What the task asks –
Please, in the data that follows, copy exactly the lines from the line with "Ed loves spending" through the last one, both included. Do not include pictures.
#### Task inputs ####
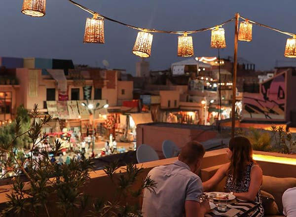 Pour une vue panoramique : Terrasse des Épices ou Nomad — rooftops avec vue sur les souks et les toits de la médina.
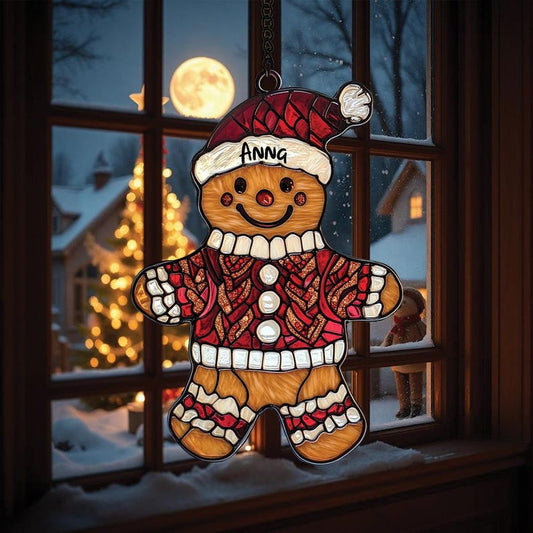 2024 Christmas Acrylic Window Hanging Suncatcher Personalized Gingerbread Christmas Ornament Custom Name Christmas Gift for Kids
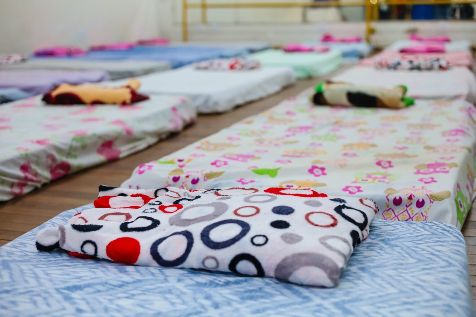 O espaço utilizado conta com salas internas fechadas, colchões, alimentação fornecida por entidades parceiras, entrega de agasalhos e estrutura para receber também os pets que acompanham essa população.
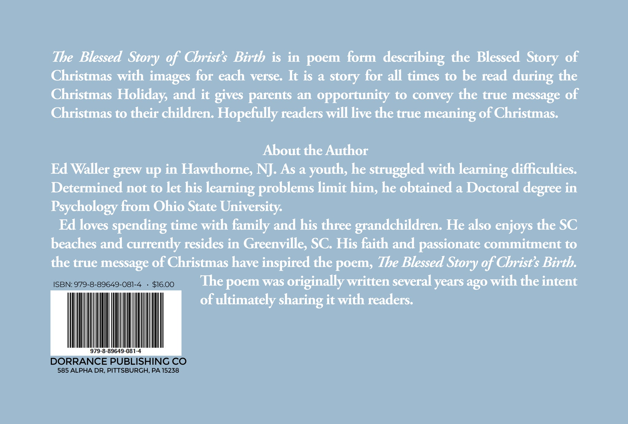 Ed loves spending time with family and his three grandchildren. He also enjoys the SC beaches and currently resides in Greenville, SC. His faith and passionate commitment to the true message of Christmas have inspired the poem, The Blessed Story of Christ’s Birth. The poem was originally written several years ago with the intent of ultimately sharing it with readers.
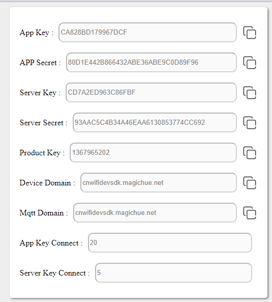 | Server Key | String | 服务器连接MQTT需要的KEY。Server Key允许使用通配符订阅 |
####
Answer for this exercise –
 Ed loves spending time with family and his three grandchildren. He also enjoys the SC beaches and currently resides in Greenville, SC. His faith and passionate commitment to the true message of Christmas have inspired the poem, The Blessed Story of Christ’s Birth. The poem was originally written several years ago with the intent of ultimately sharing it with readers.
 | Server Key | String | 服务器连接MQTT需要的KEY。Server Key允许使用通配符订阅 |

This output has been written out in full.